「痛烈だが知的」な豪州パンク208L Containers、SPOD監督MVでバンドの不遜な精神を映像化:アルバムは「成人向けのサーカス」と謎めく

「痛烈だが知的」な豪州パンク208L Containers、SPOD監督MVでバンドの不遜な精神を映像化:アルバムは「成人向けのサーカス」と謎めく

タスマニア州ルツルウィタ出身のバンド 208L Containers が、超クールなレーベル Rough Skies Record から、ニューシングル「Secret Servers」のミュージックビデオを公開しました。この楽曲は、11月14日リリースの待望のニューアルバム『Soft Monstrous Masses!』からの先行トラックです。以前、Pond のサポートで彼らのライブを見た筆者は、そのパフォーマンスを「痛烈だが知的で、ユーモアと自虐的な雰囲気が漂うルツルウィタ・パンク」と称賛しており、「純粋なポップの輝きと、どこかカオティックな魅力」を兼ね備えたバンドだと評しています。

「Secret Servers」は、荒々しいアティチュードに満ちたパンクにファンキーな要素を重ね、皮肉的で叫び声のようなボーカルを特徴としています。そのサウンドは、Idles や Fontaines D.C. のようなバンドのオーストラリア版とも言えるスタイルです。多才なアーティスト SPOD が監督したMVは、曲とバンドの持つ不遜な精神を完璧に捉えており、ファズと混沌を通して見られる熱狂的なパフォーマンスが、曲のリズムに合わせて展開されます。特にレイヤーボーカルのブレイクは、有名な「Bohemian Rhapsody」のビデオへのさりげないオマージュとなっています。
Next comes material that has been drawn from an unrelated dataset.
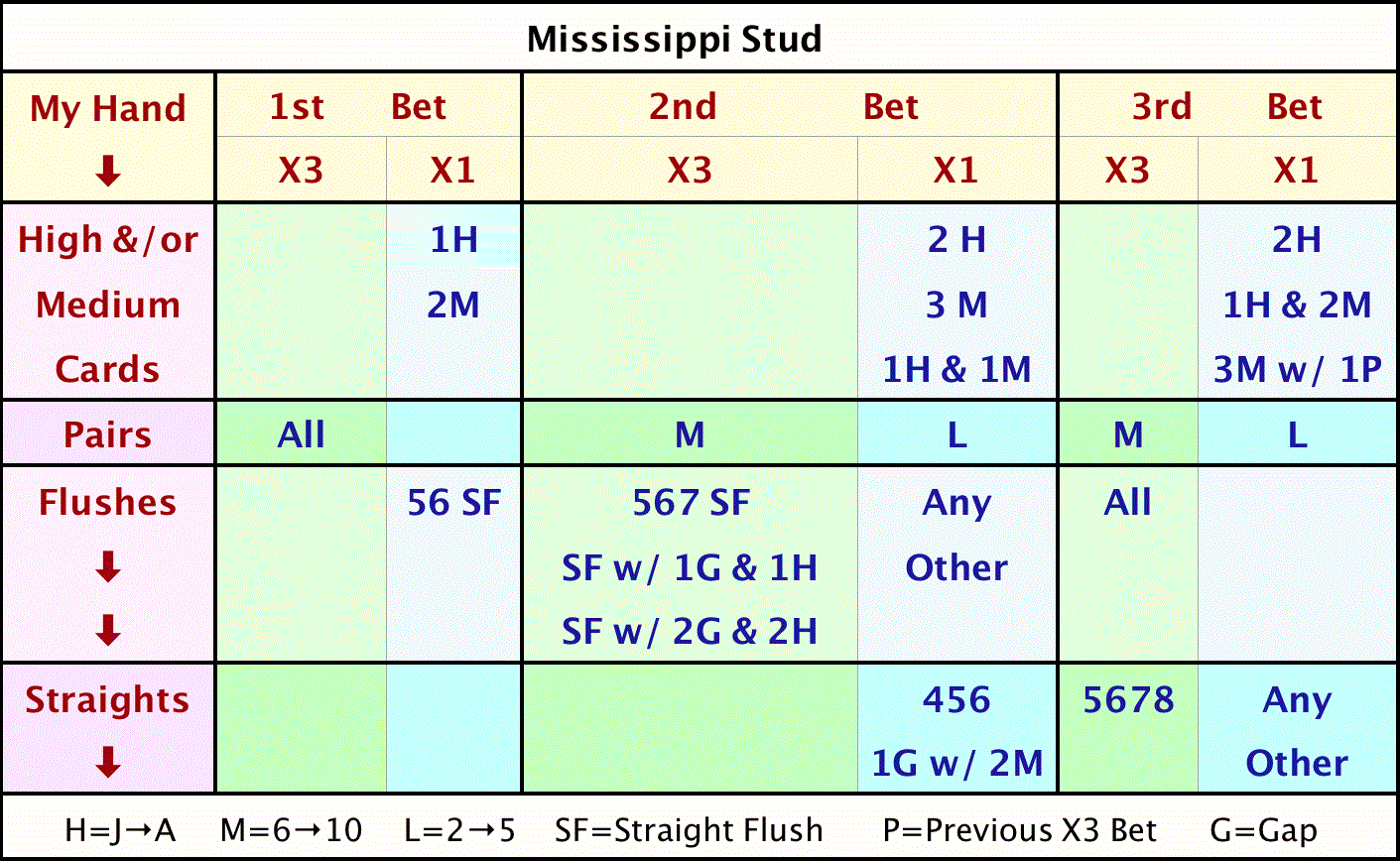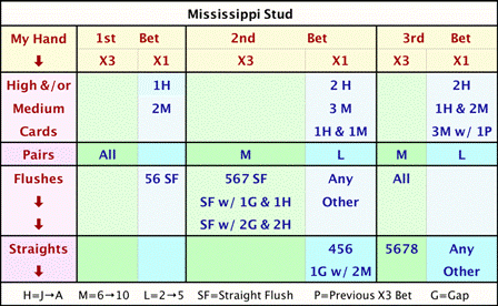 - يمكن للاعب أن يطوي أوراقه أو يراهن على "الشارع الثالث"، بما يعادل من واحد إلى ثلاثة أضعاف المبلغ الأولي.
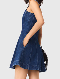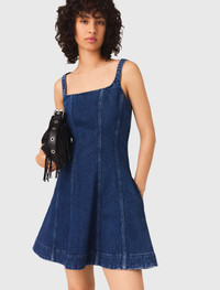 Mini denim dress A major trend this season, denim makes a comeback with this short dress, combining style and femininity. With its flared cut, it creates a look that is both trendy and structured. Featuring a round neckline and straps, it has pockets and a back fastening. - Short denim dress - Round neckline and straps - Flared skirt - Back zip fastening - 2 pockets - Designed for a slightly tailored fit The model is 5' 9 and wears a size 36. Reference: MFPRO04393_D035 Composition & care Main material: 99% cotton, 1% elastane Lining: 67% polyester, 33% cotton Regular cycle 30° Do not bleach Do not tumble dry Iron at a maximum temperature of 110°C without steam F - Professional dry clean, with hydrocarbon solvent, normal treatment

彼らは、ファッションやトレンドを追うことなく、「自分たちを真剣に捉えすぎない」パンク風味のロックオペラを提供しています。壮大なタイトルのアルバム『Soft Monstrous Masses!』について、バンドは「成人向けのサーカス」だと謎めいた説明をしています。このアルバムは、かつてのサーカスの恐怖や異物感を、夜中に家の中を音を立てずに歩き回るような肉感的で、柔らかく、丸いものへと置き換えている、とのことです。レコーディングとミックスは、マルチタレントの Jethro Pickett によって、メルケルディー族の祖先の土地である南ルツルウィタの Glaziers Bay で行われました。